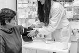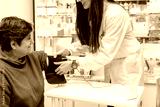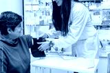 Smiling pharmacist checking blood pressure of a senior woman customer in pharmacy
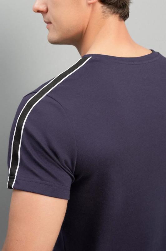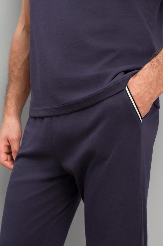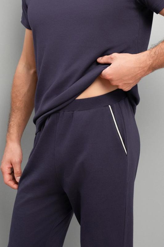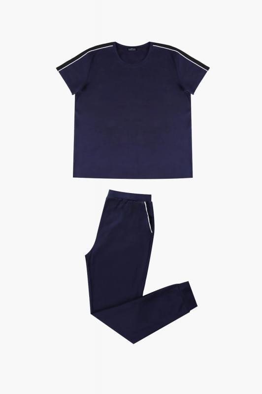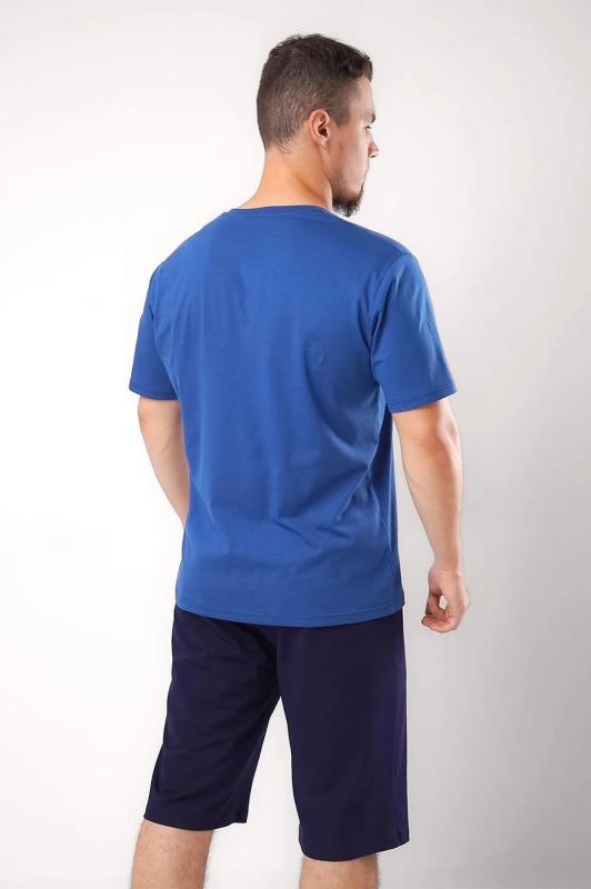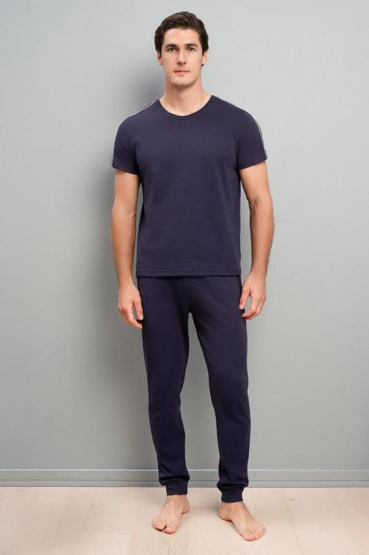 Мужская пижама синего цвета 4040PBC бренда Indefini создана из мягкого хлопкового трикотажа. В комплект входят прямая футболка свободного кроя с декоративными лентами на плечах и прямые брюки с карманами по бокам. Брюки дополнены мягкой эластичной резинкой на манжетах и на талии, обеспечивающая оптимальную посадку.
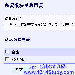 有的时候会碰到发帖机来论坛发大量的广告帖子,管理员在后台批量删除这些帖子后,数据库中有些冗余的数据没有清理掉导致版块的最后回复还是广告贴的信息,此时可以利用此功能修复。
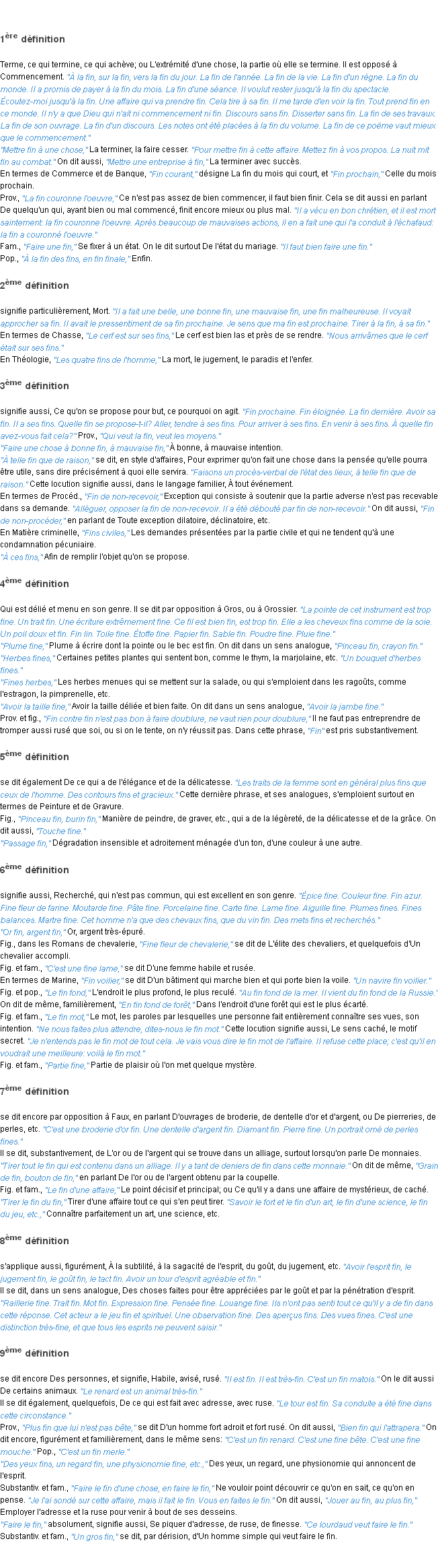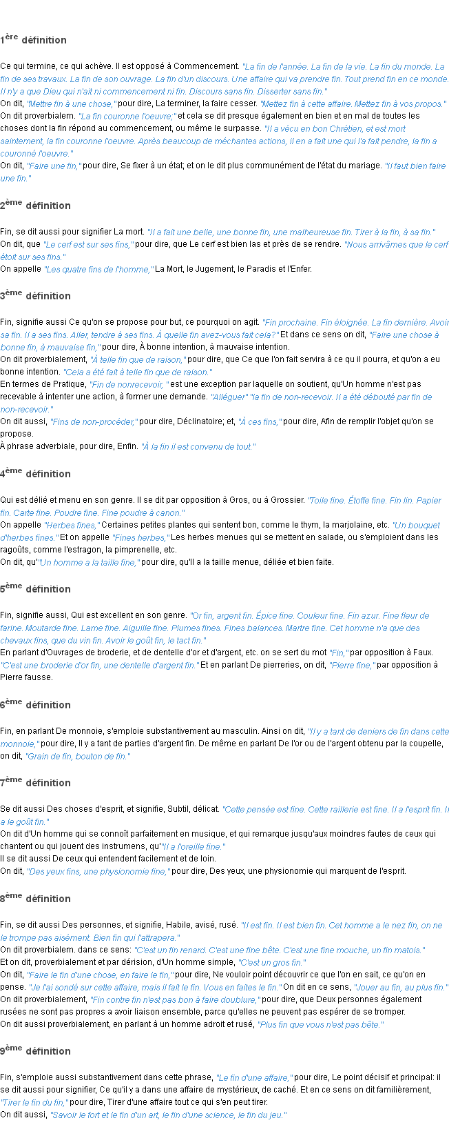 Définition académique pour le terme « fin » (parue en 1932).
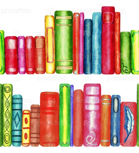 Книги, бесшовный узор, акварель
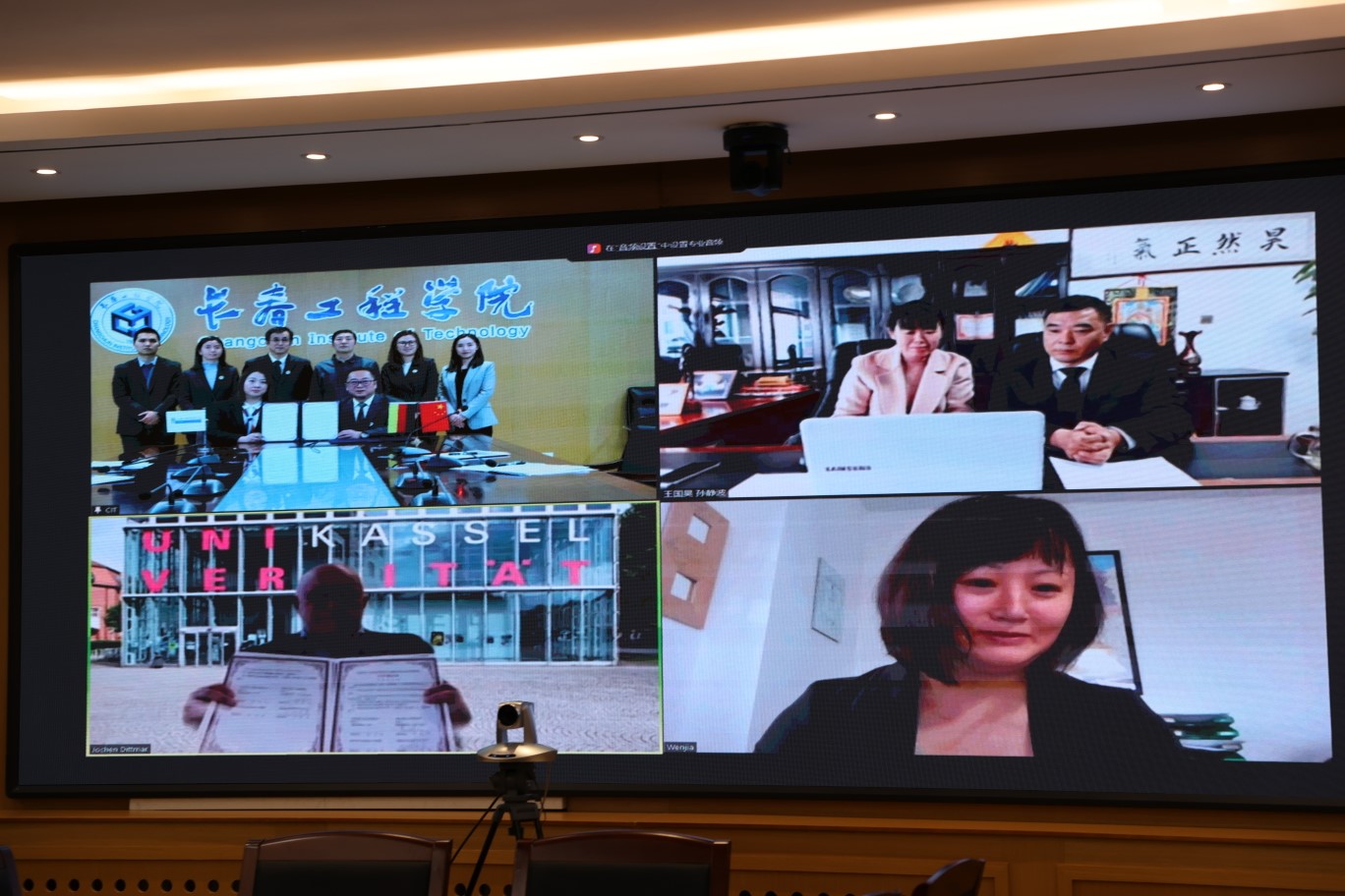 1月14日下午,我校管理学院与德国卡塞尔大学管理学院合作签约仪式在乐鱼官网网页版_乐鱼(中国)官方第二会议室举行。受疫情影响,本次签约仪式采用线上线下相结合的方式进行。
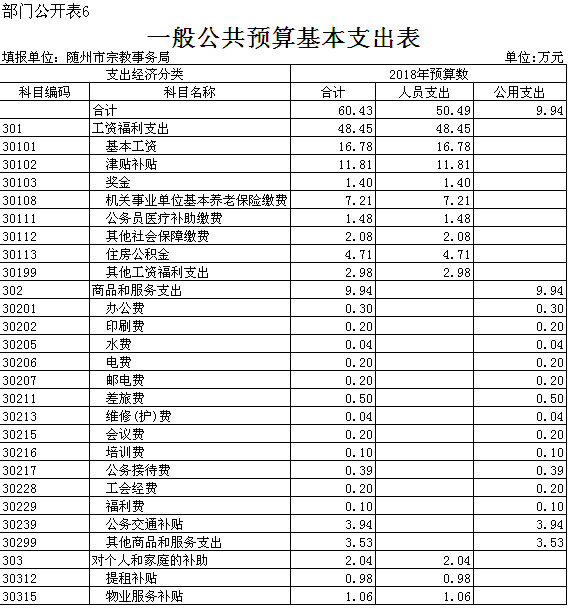 第三部分 隨州市民族宗教事務(wù)局2018年部門預(yù)算表
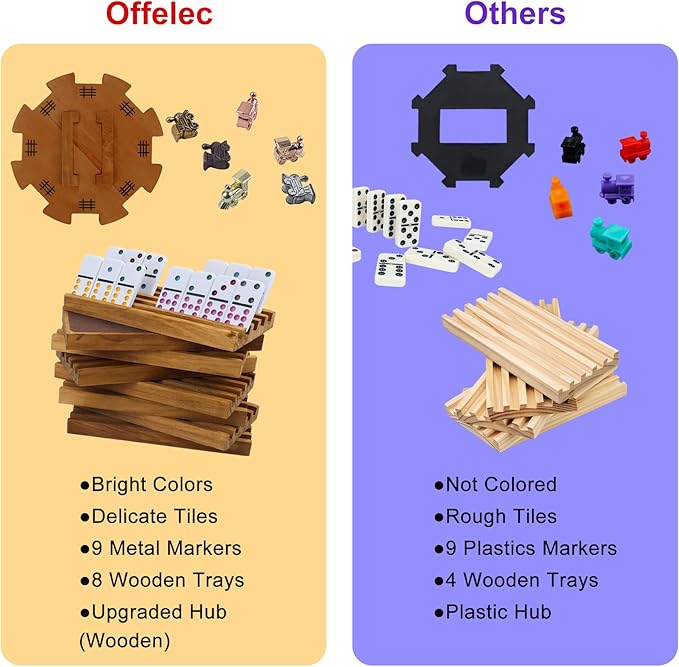 - 【All In One Set】: Offelec mexican train double 12 dominoes set is a complete set that includes everything you need to play this timeless and classic game. With all the necessary tiles, markers, and accessories included, you can start playing right out of the box
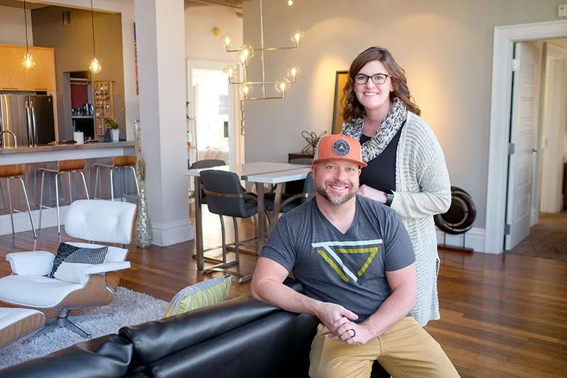 At night, the lights on Broadway reflect a bustling nightlife. During the day, as sunlight filters through four titanic-size windows in Julie and Shaun Seedhouse’s third-floor loft condominium in the Stapleton Building, a bird’s eye view of this vibrant city is on display.
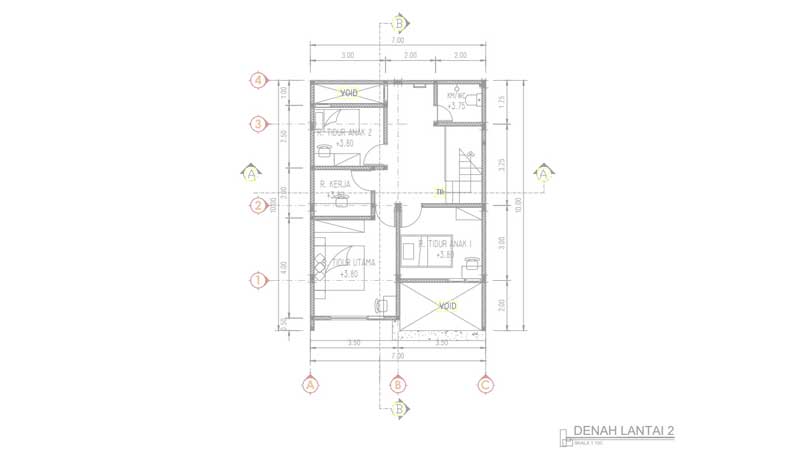 Denah Rumah 7X10 Meter, 2 Lantai
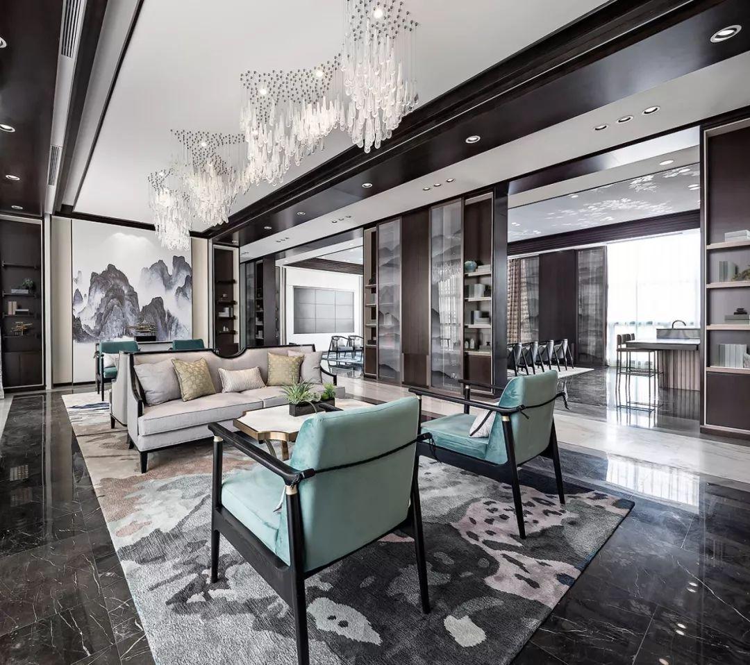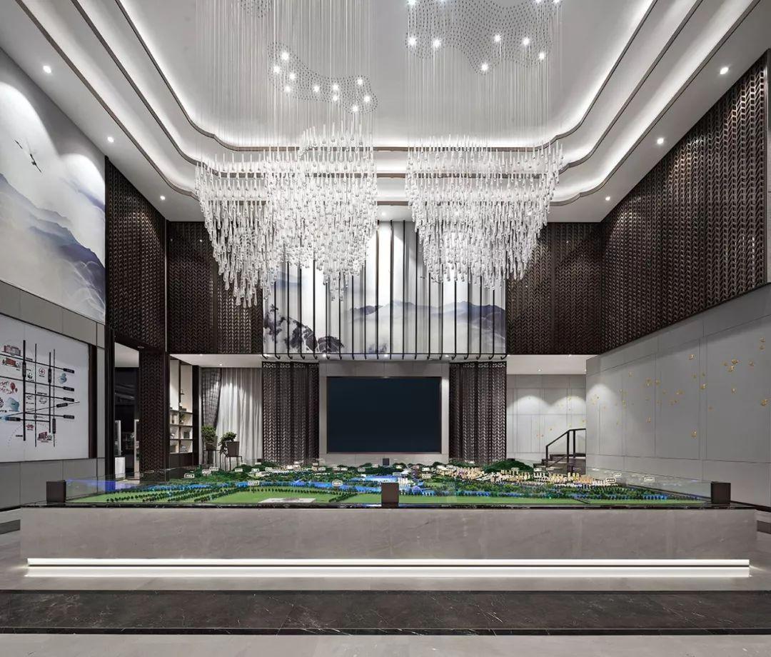室内空间布局延续建筑的轴线关系,对称的格局营造出强烈的仪式感,入口区域的景观,融合昭山元素和山水的意象,将山水与人文创造一种艺术性地连接。立面空间的分割伴随着光的洗涤和晕染效果,营造出鲜明的层次感,极具视觉冲击力。并通过“山水画”及演变简约化的博古架来营造空间层次感,独具质感的鱼骨镂空屏风也使各空间相互渗透,虚实穿插,端庄丰华中透着柔情;沙盘上方特制水晶片灯在光的作用下,显得精致、温暖。纵横交错的无数水晶片似山的叠嶂似水的柔美,高低错落中,呈现飘渺山水的灵动逸致,与墙面上艺术山水绘画交相呼应。
···
Problem to work on:
Beginning at the first line of the listing, print each line exactly until and including the one that has "Denah Rumah 7X10 Meter, 2 Lantai"; skip pictures.

Answer section:
 Smiling pharmacist checking blood pressure of a senior woman customer in pharmacy
 Мужская пижама синего цвета 4040PBC бренда Indefini создана из мягкого хлопкового трикотажа. В комплект входят прямая футболка свободного кроя с декоративными лентами на плечах и прямые брюки с карманами по бокам. Брюки дополнены мягкой эластичной резинкой на манжетах и на талии, обеспечивающая оптимальную посадку.
 有的时候会碰到发帖机来论坛发大量的广告帖子,管理员在后台批量删除这些帖子后,数据库中有些冗余的数据没有清理掉导致版块的最后回复还是广告贴的信息,此时可以利用此功能修复。
 Définition académique pour le terme « fin » (parue en 1932).
 Книги, бесшовный узор, акварель
 1月14日下午,我校管理学院与德国卡塞尔大学管理学院合作签约仪式在乐鱼官网网页版_乐鱼(中国)官方第二会议室举行。受疫情影响,本次签约仪式采用线上线下相结合的方式进行。
 第三部分 隨州市民族宗教事務(wù)局2018年部門預(yù)算表
 - 【All In One Set】: Offelec mexican train double 12 dominoes set is a complete set that includes everything you need to play this timeless and classic game. With all the necessary tiles, markers, and accessories included, you can start playing right out of the box
 At night, the lights on Broadway reflect a bustling nightlife. During the day, as sunlight filters through four titanic-size windows in Julie and Shaun Seedhouse’s third-floor loft condominium in the Stapleton Building, a bird’s eye view of this vibrant city is on display.
 Denah Rumah 7X10 Meter, 2 Lantai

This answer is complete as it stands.